In the entries below, find the line with "Lulus Womens Joelle" and the line with "買好后找到下圖的start zeus欄私"; give again those lines and every line between them, exactly.

# Records for this exercise
================================
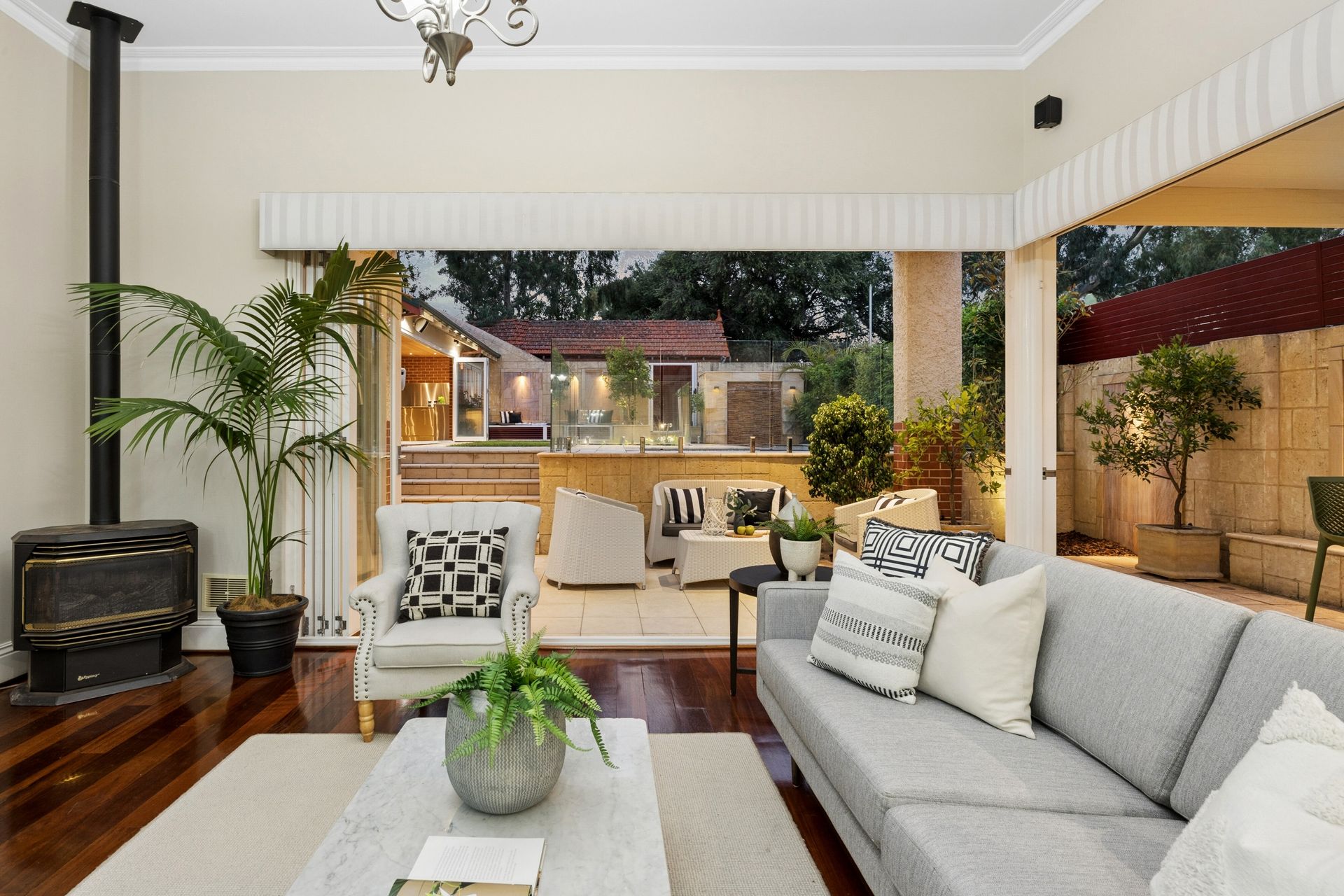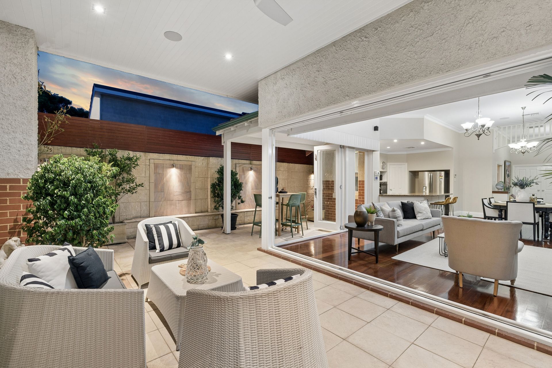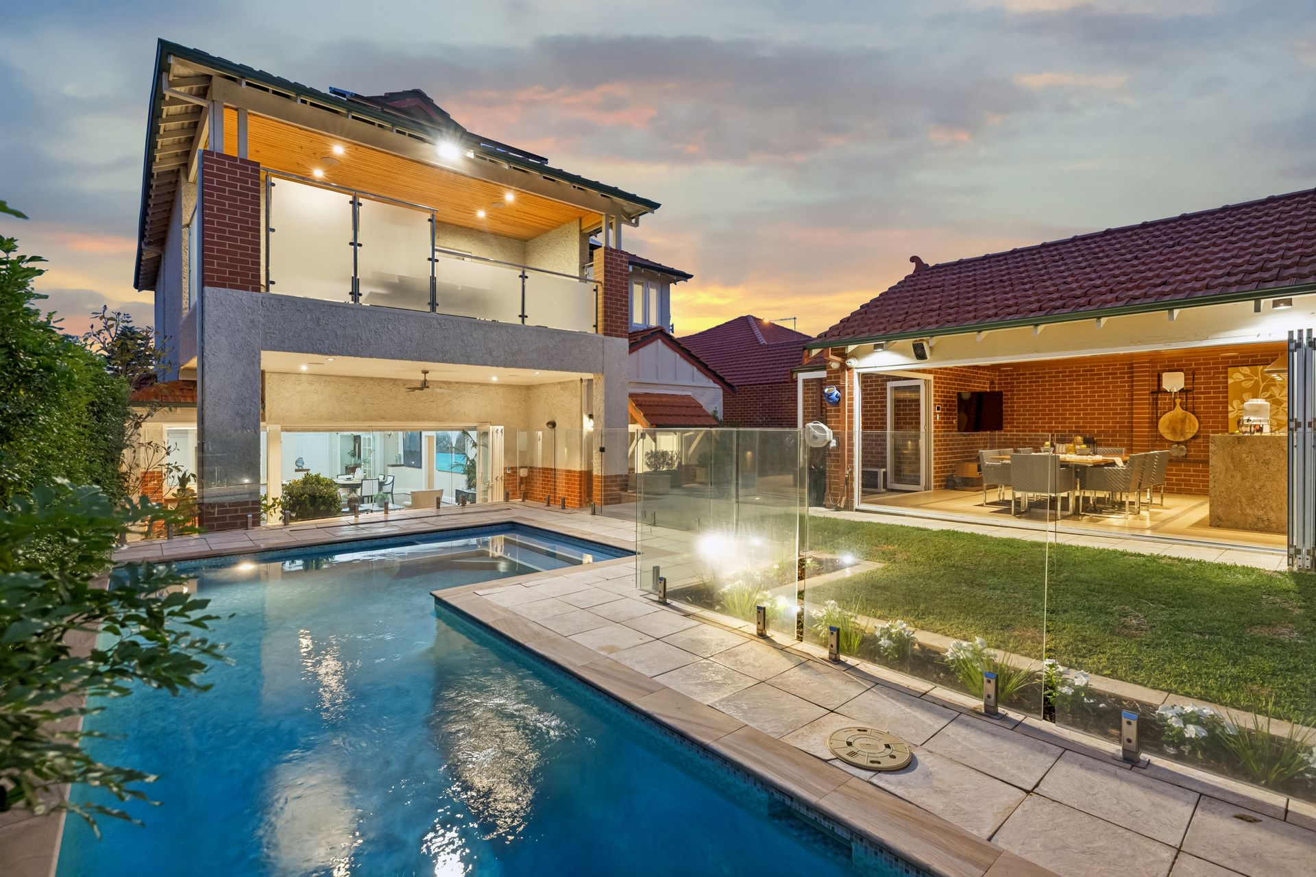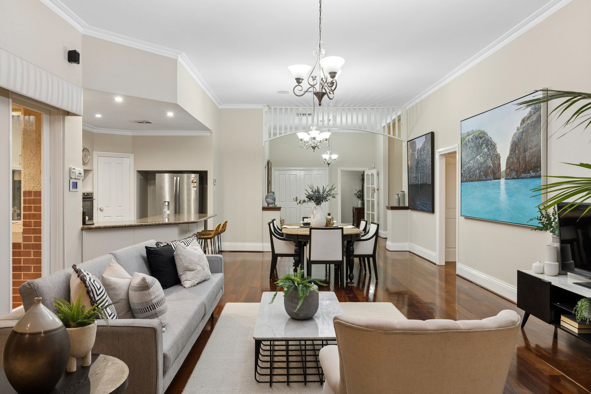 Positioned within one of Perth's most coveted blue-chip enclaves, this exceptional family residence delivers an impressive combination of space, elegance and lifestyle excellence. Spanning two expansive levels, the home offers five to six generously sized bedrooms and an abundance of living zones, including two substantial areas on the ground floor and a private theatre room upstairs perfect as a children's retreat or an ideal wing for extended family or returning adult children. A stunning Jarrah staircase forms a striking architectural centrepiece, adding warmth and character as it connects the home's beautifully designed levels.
================================
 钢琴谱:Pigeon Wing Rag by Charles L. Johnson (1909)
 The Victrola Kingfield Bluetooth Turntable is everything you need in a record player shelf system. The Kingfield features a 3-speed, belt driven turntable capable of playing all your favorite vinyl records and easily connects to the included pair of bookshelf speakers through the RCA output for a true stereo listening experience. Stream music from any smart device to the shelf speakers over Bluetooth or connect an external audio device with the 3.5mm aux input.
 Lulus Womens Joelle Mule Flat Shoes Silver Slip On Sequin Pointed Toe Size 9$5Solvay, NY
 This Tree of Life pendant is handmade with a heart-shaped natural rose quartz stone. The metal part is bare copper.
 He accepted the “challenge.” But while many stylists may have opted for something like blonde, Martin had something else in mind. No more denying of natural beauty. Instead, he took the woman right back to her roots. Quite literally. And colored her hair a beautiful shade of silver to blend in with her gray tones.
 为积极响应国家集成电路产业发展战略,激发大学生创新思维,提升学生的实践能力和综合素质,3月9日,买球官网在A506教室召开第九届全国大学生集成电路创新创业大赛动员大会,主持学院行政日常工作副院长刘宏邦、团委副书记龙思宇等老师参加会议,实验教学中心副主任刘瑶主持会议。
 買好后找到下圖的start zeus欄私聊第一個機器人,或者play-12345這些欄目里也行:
================================
# Solution for this task
 Lulus Womens Joelle Mule Flat Shoes Silver Slip On Sequin Pointed Toe Size 9$5Solvay, NY
 This Tree of Life pendant is handmade with a heart-shaped natural rose quartz stone. The metal part is bare copper.
 He accepted the “challenge.” But while many stylists may have opted for something like blonde, Martin had something else in mind. No more denying of natural beauty. Instead, he took the woman right back to her roots. Quite literally. And colored her hair a beautiful shade of silver to blend in with her gray tones.
 为积极响应国家集成电路产业发展战略,激发大学生创新思维,提升学生的实践能力和综合素质,3月9日,买球官网在A506教室召开第九届全国大学生集成电路创新创业大赛动员大会,主持学院行政日常工作副院长刘宏邦、团委副书记龙思宇等老师参加会议,实验教学中心副主任刘瑶主持会议。
 買好后找到下圖的start zeus欄私聊第一個機器人,或者play-12345這些欄目里也行:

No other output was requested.